Ренессанс. У истоков современности - страница 18



. Тем не менее проявление реального интереса к содержанию книги (позитивного либо негативного) исключалось. Поскольку копирование манускрипта было одним из методов принудительного или добровольного смирения, то писцы чаще всего испытывали чувство отвращения или апатии, но никак не вдохновение. Ни о какой любознательности не могло быть и речи.

Самолюбивому и жаждущему знаний Поджо было чуждо книжное рабство писцов, лишавших себя эмоций и интеллектуальных интересов ради подавления духа. Но он понимал: от их послушания во многом зависел и успех его миссии – найдет ли он относительно достоверные свидетельства далекого прошлого. Поджо знал и то, что заинтересованному читателю свойственно вносить смысловые исправления, дабы улучшить текст. Однако такие поправки за столетия могли привести к серьезным искажениям. Для него, конечно, было предпочтительнее, чтобы монастырские писцы копировали тексты в точности такими, какими они их видели, даже если им встречались и бессмыслицы.

При копировании страница манускрипта закрывалась листом с вырезом для того, чтобы монах мог видеть одну строку. Монахам строго-настрого запрещалось вносить какие-либо изменения, даже если они находили явные ошибки. Они могли исправлять лишь собственные оплошности, тщательно выскребая лезвием чернила и заполняя нанесенную рану смесью молока, сыра и извести, напоминавшей современную «замазку», которой пользуются сегодня редакторы и корректоры. Нельзя было, как это мы делаем сейчас, сминать и выбрасывать испорченную страницу. Хотя овечьих и козлиных кож имелось предостаточно, процесс выработки пергамента был трудоемкий и дорогостоящий. Пергамент хорошего качества ценился высоко, и никто не осмелился бы выкинуть его на помойку. Отчасти и по этой причине в монастырях сохранялись древние манускрипты.

Конечно же, аббаты и монастырские библиотекари все-таки интересовались языческими текстами, нанесенными на листы. Они надеялись почерпнуть в классической литературе что-то полезное, не опасаясь заразиться чуждыми идеями, подобно тому, как древние иудеи с позволения Господа переняли наследие египтян. Но со временем – когда возобладала христианская литература – делать это стало затруднительно. Все меньше и меньше монахов могли позволить себе оглядываться на прошлое. В период между VI веком и серединой VIII столетия греческая и латинская классика вообще не копировалась. Критика языческих идей уступила место их полному забвению. Об античных поэмах, философских трактатах и политических речах, когда-то казавшихся и опасными и соблазнительными, не только не говорили, но и не вспоминали. Надолго оборвалась связующая нить познания между настоящим и прошлым.

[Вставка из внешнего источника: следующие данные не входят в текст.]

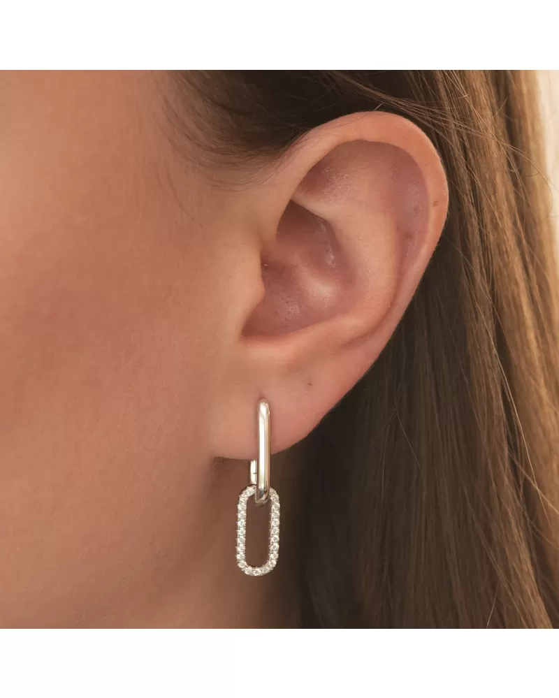 Stříbrné náušnice ve tvaru písmene U zdobené zářivými zirkony, které visí na oválné ozdobě ve spodní části náušnice. Zirkony jsou briliantového brusu, který zajišťuje maximální brilanci vybroušených facet, dokonale odráží světlo a neuvěřitelně září z každého úhlu pohledu. Náušnice mají krásný zářivý vzhled, dodávají eleganci v každém směru.

Только необычайная долговечность пергамента помогла выжить идеям древности, хотя гуманисты отлично знали, что и самый прочный материал не гарантировал их полную сохранность. Монахи, используя ножи, щетки, песчаник, зачастую тщательно вымарывали древние сочинения>22 – Вергилия, Овидия, Цицерона, Сенеки, Лукреция – и вписывали вместо них тексты, копировать которые приказывали патроны. Занятие утомительное, а для писца, знавшего произведение, которое уничтожалось, и мучительное.

Если чернила оригинала оказывались достаточно стойкими, то под новыми текстами можно было различить то, что было написано прежде. Таким образом уникальная копия трактата Цицерона «О государстве», выполненная в IV веке, была обнаружена под копией размышлений святого Августина о псалмах, датированной VII веком. Единственная уцелевшая копия произведения Сенеки о дружбе была расшифрована под текстом Ветхого Завета, вписанного в конце VI столетия. Благодаря этим слоеным манускриптам, получившим название «палимпсестов» – от греческого понятия «соскабливать», до нас дошли несколько величайших произведений древности, которые иначе были бы утрачены навсегда. Естественно, средневековому монаху не позволялось читать между строк.